New Jersey lawyer Harold Cassidy has made a career of meddling in state legislatures, including South Dakota's, promoting restrictions on abortion that deny women their rights to privacy and bodily autonomy.
But he evidently hasn't made a good living at it. RH Reality Check reports that Cassidy and his wife have racked up millions of dollars in unpaid taxes and debts since the late 1980s. Cassidy tells RHRC that his finances are none of their business. Rep. Peggy Gibson (D-22/Huron) and Sen. Angie Buhl O'Donnell (D-15/Sioux Falls), two of the women into whose private business Cassidy eagerly pokes his the public nose, note the obvious irony:
Upon learning of Cassidy’s financial track record, South Dakota Rep. Peggy Gibson (D-Huron) called the attorney a “hypocrite.”

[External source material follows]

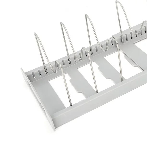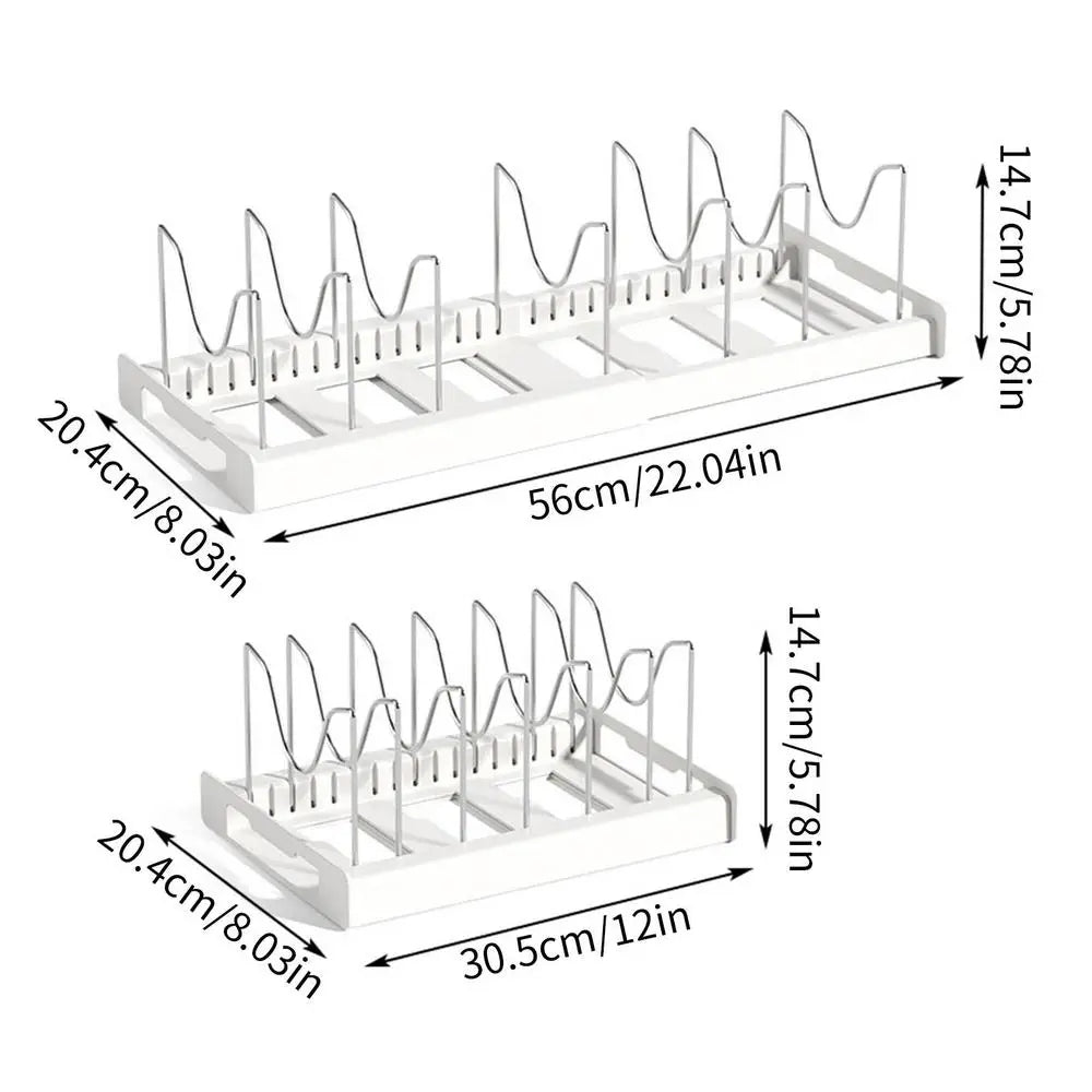 Nuestro organizador de sartenes cuenta con 7 compartimentos ajustables, permitiéndote personalizar la instalación de acuerdo al tamaño de tus ollas y sartenes.

“He’s so financially irresponsible and yet he’s supposed to be this big ‘savior’ of women,” Gibson said. “He can’t manage his own affairs. Why would he be able to manage the affairs of South Dakota women, and their most private affairs—their health care and their reproductive decisions?”

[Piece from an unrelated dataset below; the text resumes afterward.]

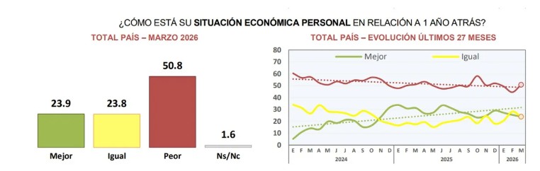 De manera coincidente, el relevamiento de Synopsis apuntó a que el 50,8 % de los encuestados consideró que su situación económica es peor que hace un año.

State Sen. Angie Buhl O’Donnell (D-Sioux Falls) said it was “unfortunate” that Cassidy had such influence in the state.
“We, as a state, have bought everything that this guy has told us on how to shape policy, about how women should live their lives, when he could clearly use some advice on that front himself,” she said [Sharona Coutts, "Anti-Choice Lawyer Harold Cassidy Owed Millions in Taxes and Debts, Records Indicate," RH Reality Check, 2014.02.11].
Rep. Gibson concludes with today's money quote:
“He’s invasive of women’s private affairs, and then he says his affairs are private, when women have no right to privacy,” she said.
If you can't manage your own pocketbook, if you can't take responsibility for your own debts, don't presume to manage what women do with their bodies.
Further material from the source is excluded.